::: Extracted material :::

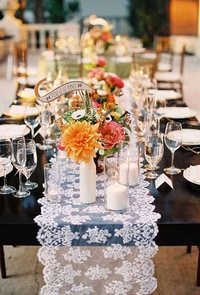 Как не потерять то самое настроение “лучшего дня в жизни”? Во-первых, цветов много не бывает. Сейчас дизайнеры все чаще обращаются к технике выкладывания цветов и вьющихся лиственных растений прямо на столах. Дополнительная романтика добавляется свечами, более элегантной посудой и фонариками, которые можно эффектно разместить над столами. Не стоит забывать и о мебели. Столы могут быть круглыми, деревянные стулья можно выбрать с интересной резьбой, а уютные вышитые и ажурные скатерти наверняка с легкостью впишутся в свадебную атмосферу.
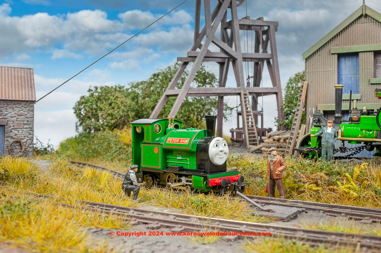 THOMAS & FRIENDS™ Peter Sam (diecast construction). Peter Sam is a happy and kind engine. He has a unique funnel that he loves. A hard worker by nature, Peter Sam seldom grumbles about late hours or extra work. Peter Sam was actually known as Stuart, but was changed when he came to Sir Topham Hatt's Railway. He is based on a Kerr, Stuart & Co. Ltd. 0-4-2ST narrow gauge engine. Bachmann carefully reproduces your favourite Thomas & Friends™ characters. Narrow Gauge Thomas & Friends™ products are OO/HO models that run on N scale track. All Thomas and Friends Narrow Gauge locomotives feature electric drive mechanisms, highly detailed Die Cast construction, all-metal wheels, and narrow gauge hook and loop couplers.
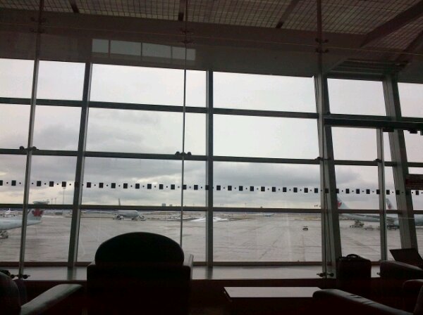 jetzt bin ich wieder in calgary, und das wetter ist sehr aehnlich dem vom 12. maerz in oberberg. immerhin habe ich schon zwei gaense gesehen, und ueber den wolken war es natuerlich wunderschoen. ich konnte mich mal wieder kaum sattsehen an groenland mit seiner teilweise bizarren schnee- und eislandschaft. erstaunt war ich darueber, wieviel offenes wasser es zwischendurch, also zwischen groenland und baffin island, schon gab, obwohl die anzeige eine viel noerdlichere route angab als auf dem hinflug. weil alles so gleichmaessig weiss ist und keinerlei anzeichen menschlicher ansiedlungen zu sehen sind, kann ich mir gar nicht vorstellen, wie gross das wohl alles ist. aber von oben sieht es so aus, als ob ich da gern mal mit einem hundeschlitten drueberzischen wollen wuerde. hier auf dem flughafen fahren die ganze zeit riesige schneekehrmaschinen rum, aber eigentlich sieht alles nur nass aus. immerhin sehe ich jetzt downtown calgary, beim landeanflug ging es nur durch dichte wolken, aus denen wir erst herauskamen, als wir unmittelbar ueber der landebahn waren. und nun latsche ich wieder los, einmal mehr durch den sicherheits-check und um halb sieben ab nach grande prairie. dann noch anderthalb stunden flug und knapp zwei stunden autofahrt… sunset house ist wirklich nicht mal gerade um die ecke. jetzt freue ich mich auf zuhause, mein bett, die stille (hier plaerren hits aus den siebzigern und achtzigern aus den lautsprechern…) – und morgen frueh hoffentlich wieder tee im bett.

:::
::: Extracted material :::

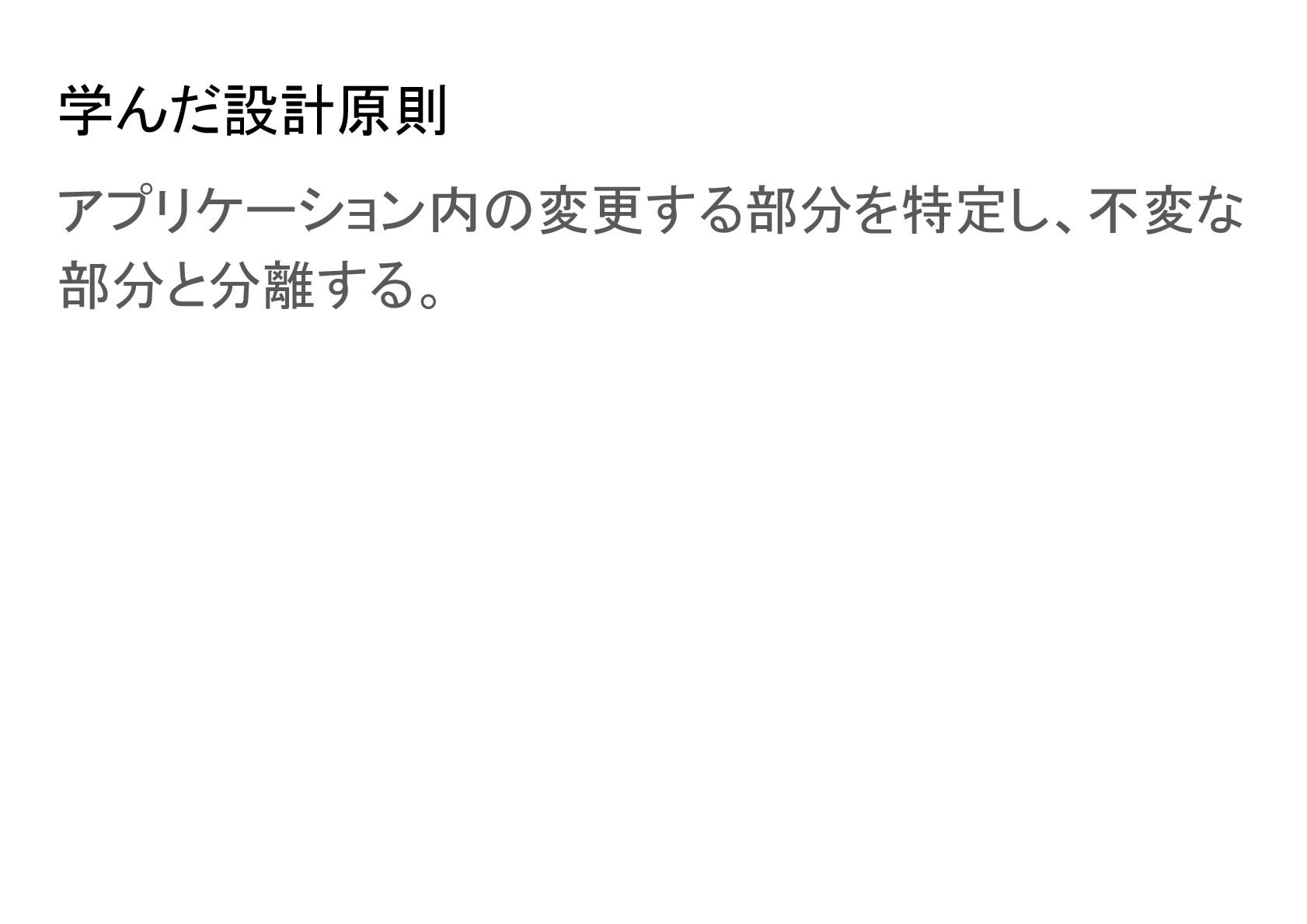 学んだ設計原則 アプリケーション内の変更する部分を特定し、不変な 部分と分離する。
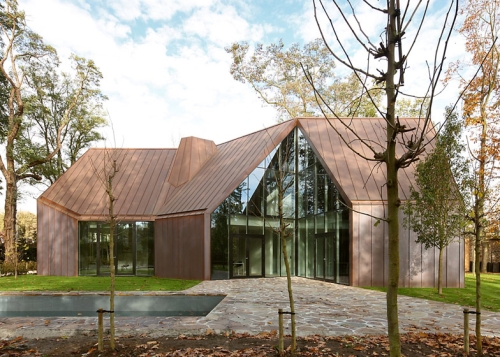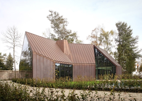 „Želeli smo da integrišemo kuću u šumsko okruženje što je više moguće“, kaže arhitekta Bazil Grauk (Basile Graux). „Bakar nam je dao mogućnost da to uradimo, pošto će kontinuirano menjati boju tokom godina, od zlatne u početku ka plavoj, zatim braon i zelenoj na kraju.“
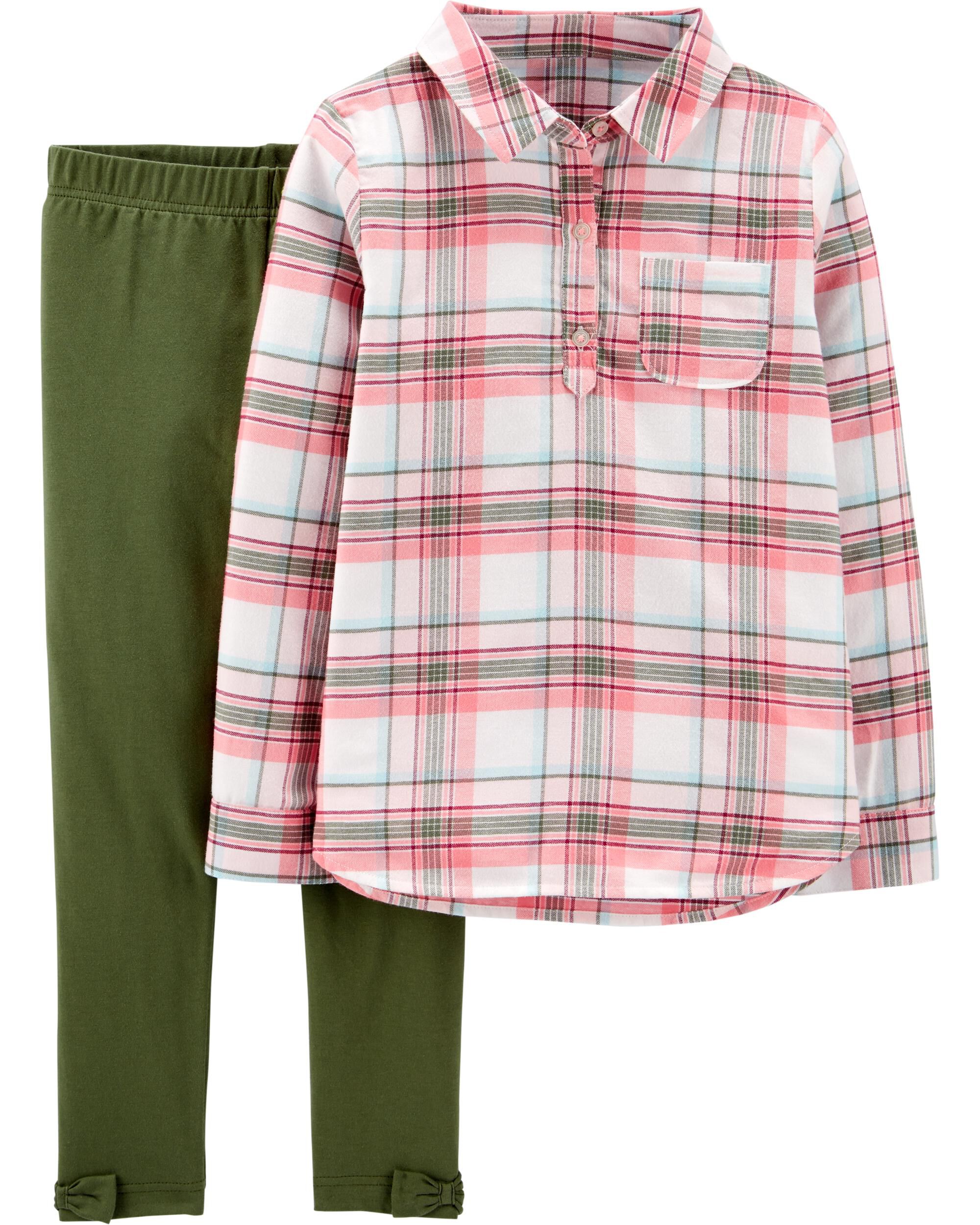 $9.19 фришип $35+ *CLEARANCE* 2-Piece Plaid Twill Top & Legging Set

:::

* _Exercise_:
Give the lines above again exactly, from the one containing "学んだ設計原則 アプリケーション内の変更する部分を特定し、不変な 部分と分離する。" to the one containing "Top & Legging Set", both included, but leave out the pictures.

* _Output of the task_:
 学んだ設計原則 アプリケーション内の変更する部分を特定し、不変な 部分と分離する。
 „Želeli smo da integrišemo kuću u šumsko okruženje što je više moguće“, kaže arhitekta Bazil Grauk (Basile Graux). „Bakar nam je dao mogućnost da to uradimo, pošto će kontinuirano menjati boju tokom godina, od zlatne u početku ka plavoj, zatim braon i zelenoj na kraju.“
 $9.19 фришип $35+ *CLEARANCE* 2-Piece Plaid Twill Top & Legging Set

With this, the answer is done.